Dara pointed to the left at the colossal white mountains that had impressed him. “Those are the Great Teeth.”

“Wow,” Eli breathed out, unconsciously repeating his earlier exclamation. The big white jagged mountains did kind of look like some gigantic predator’s teeth, though it would have to be the size of a small moon to fit the proportions. He had never seen some of the famous mountains back home for comparison. Well, he’d seen them in pictures and movies, but not in person. Still, he had difficulty imagining Everest or the rest of the Himilayas were as big as these mountains, where they dominated the entire distant horizon.

He hadn’t spent much time exploring the incredible natural beauty except for a few nearby resorts back home. When he was little, he vaguely remembered visiting some of the old national parks with his family, but the details were fuzzy. There were small snapshots of scenes like a giant wall of rock in Yosemite or the massive trees growing as tall as buildings in some mountains coming to mind, yet he wondered at these frozen moments in his memories, curious how much was real and what was imagined. He’d always told himself he’d see the world and do all his traveling once he retired, planning his itineraries, budgets, and timelines with priority sights to see. In the end, though, he’d only visited a few countries outside North America for work trips, and few included anything remotely as breathtaking as the scene before his eyes.

A fat lot of good all the saving and planning does me now. Talay.

“What are those words?” Dara suddenly asked, pulling him out of his darkening thoughts. “I’ve heard you mention ‘tall lay’ before.”

He chuckled in surprise. “I didn’t know I’d said that out loud,” he said around a growing smile. “It’s probably silly, but ‘Talay’ is just a word I use to remind myself to calm down – it’s an acronym in my language for ‘turn around and look at yourself.’ When I feel my emotions spinning out of control, I remind myself to take a mental step back and look at myself, my thoughts, and my actions more objectively. It’s just something I use to help find my center. I’m happy to tell you more when we camp later, but you were telling me about those mountains?”

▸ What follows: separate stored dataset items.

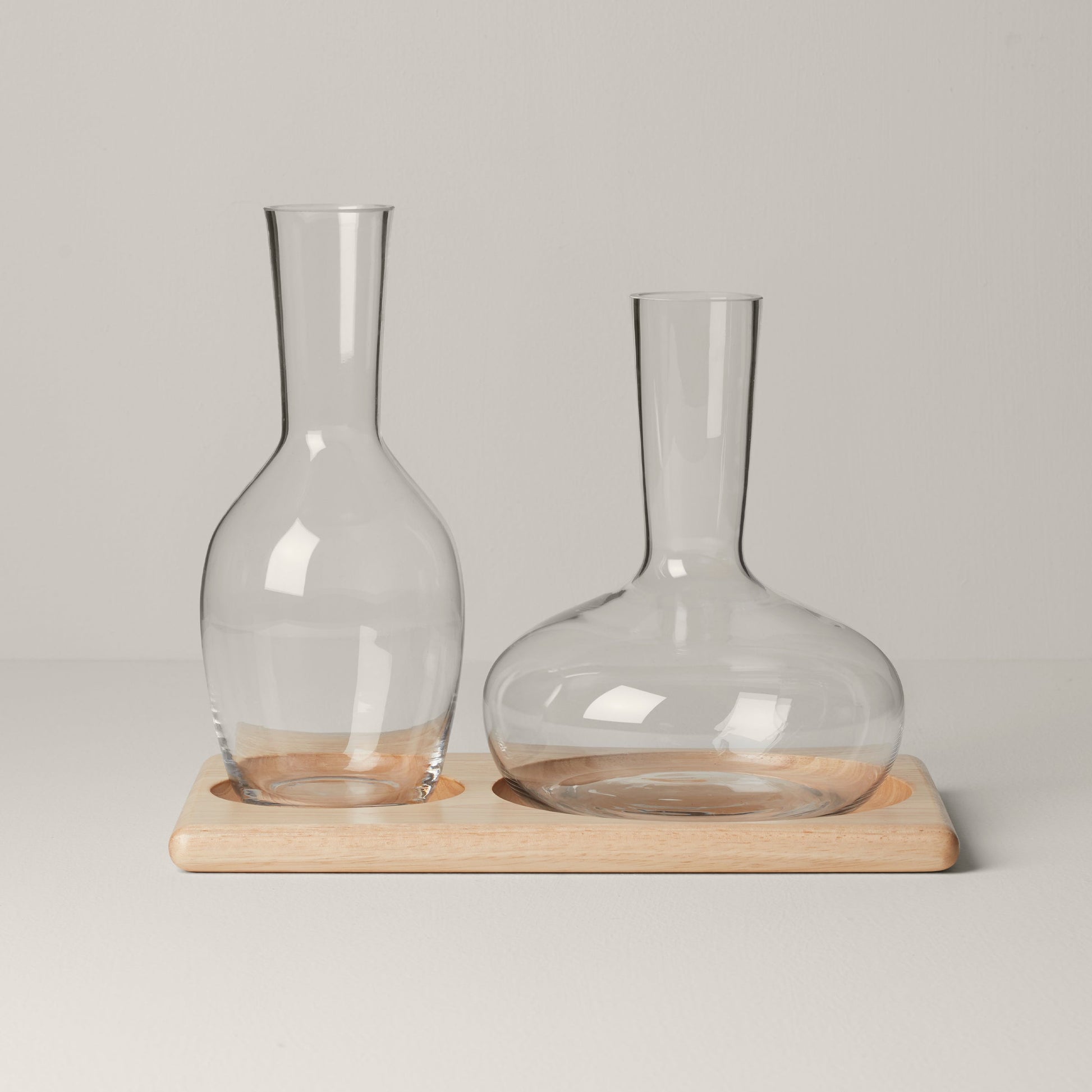Bring an innovative, elegant look to every event with the perfect set for aerating and elevating all your refreshments. This Tuscany Classics carafe set features a wide and tall carafe hosted atop a stylish wooden tray. Both carafes are crafted of durable, pristine glass and dishwasher-safe for added convenience.
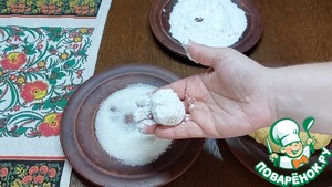 Достаем тесто из холодильника. Готовим для панировки сахар и сахарную пудру. Отщипываем от теста кусочек размером приблизительно с грецкий орех, выкладываем кусочек шоколада, хорошенько прищипываем, округляем и панируем сначала в сахаре, а затем в сахарной пудре. Благодаря этому они покроются в процессе приготовления приятной хрустящей корочкой.
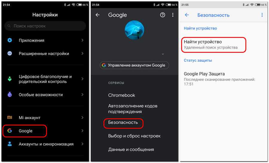 Доступ к местоположению и удалённое управление в Android изначально должны быть активны по умолчанию. Если эти функции нами намеренно не отключались ранее, всё должно работать. На упреждение ситуации с утерей Android-устройства всё же не лишним будет проверить, активен ли в настройках доступ к местоположению. И также желательно проверить, не отключено ли удалённое управление Android. В актуальных версиях операционной системы это функция «Найти устройство» в настройках безопасности аккаунта . Проверяем, чтобы она была активной.

Dara smiled as she let him steer the conversation back towards the geography, and she pointed towards the mountains again. “Beyond the Great Teeth is Droch, a large barren land full of deadly tribes, blood cultists, sand, and poisonous beasts. The only water is in protected or hidden settlements or fortresses, and the whole region is hazardous and a quick way to die.”

“The cultists that had you? Those guys? They live out there?” He gestured vaguely towards the mountains.

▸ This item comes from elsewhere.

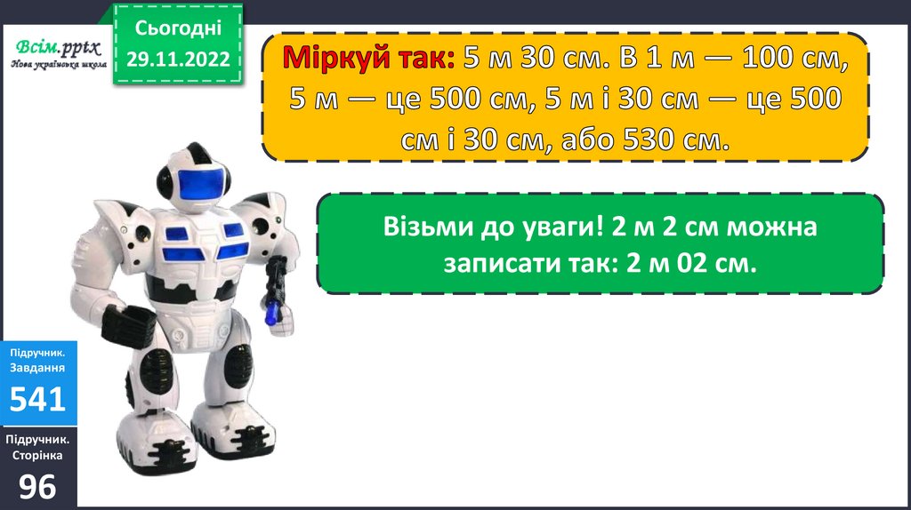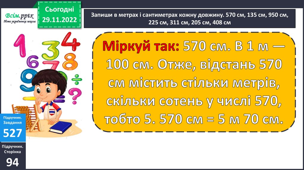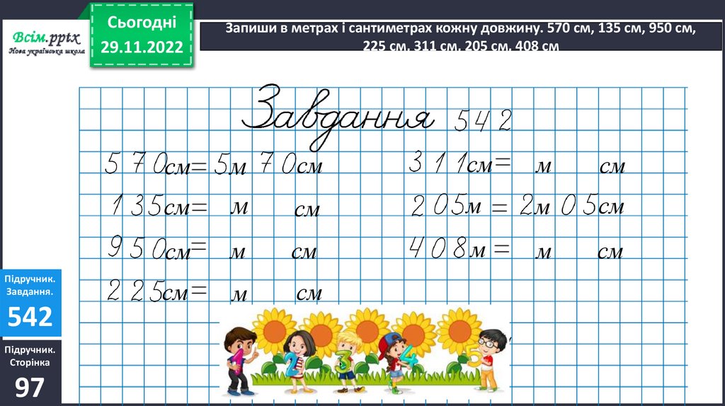 Запиши в метрах і сантиметрах кожну довжину. 570 см, 135 см, 950 см,

“Well, they can live anywhere, but some of them invaded those lands back in my grandfather’s time, but I have no idea why. I’ve just been told to stay away from Droch, though that’s where my mother was born.” At the end, Dara’s voice took on an almost wistful note, her eyes lingering on the eastern horizon.

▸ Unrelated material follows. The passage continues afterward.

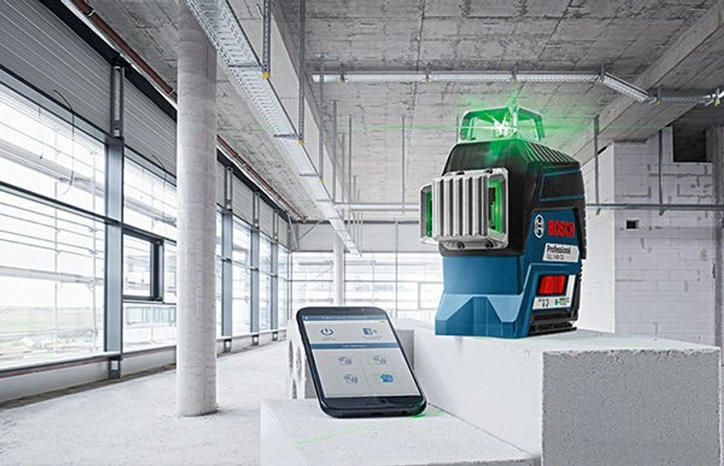 Bosch GLL 3-80 CG M/BM/12V kors-linjelaser ger 3x360 graders avancerad laserprestanda med Bluetooth-funktion för fjärrstyrning och exakt resultat.

“Got it. Ocean to the right, your home on the road past Herria, and on the left are the mountains and eventually a dead, dangerous place. Once we’re below these switchbacks, we’ll be safe from this demon, right?”

“Yes.” She pointed down towards the large clearing they’d first seen earlier. “Once we get down to the lower trails below, we should be safe from Boruta.”

“So maybe we make our goal that clearing way down there for tonight? Think that gets us into striking distance of reaching Herria tomorrow?”

“Striking dis…,” she snorted a laugh and shook her head. “Such colorful words, but yes, I think we’ll reach it tomorrow. If the mountains and trees didn’t block our view, we would see the town from here. It should be out in that direction,” Dara said, pointing down and slightly to the right.

“Great! So, down the trail, we go? Maybe tell me more about Herria?”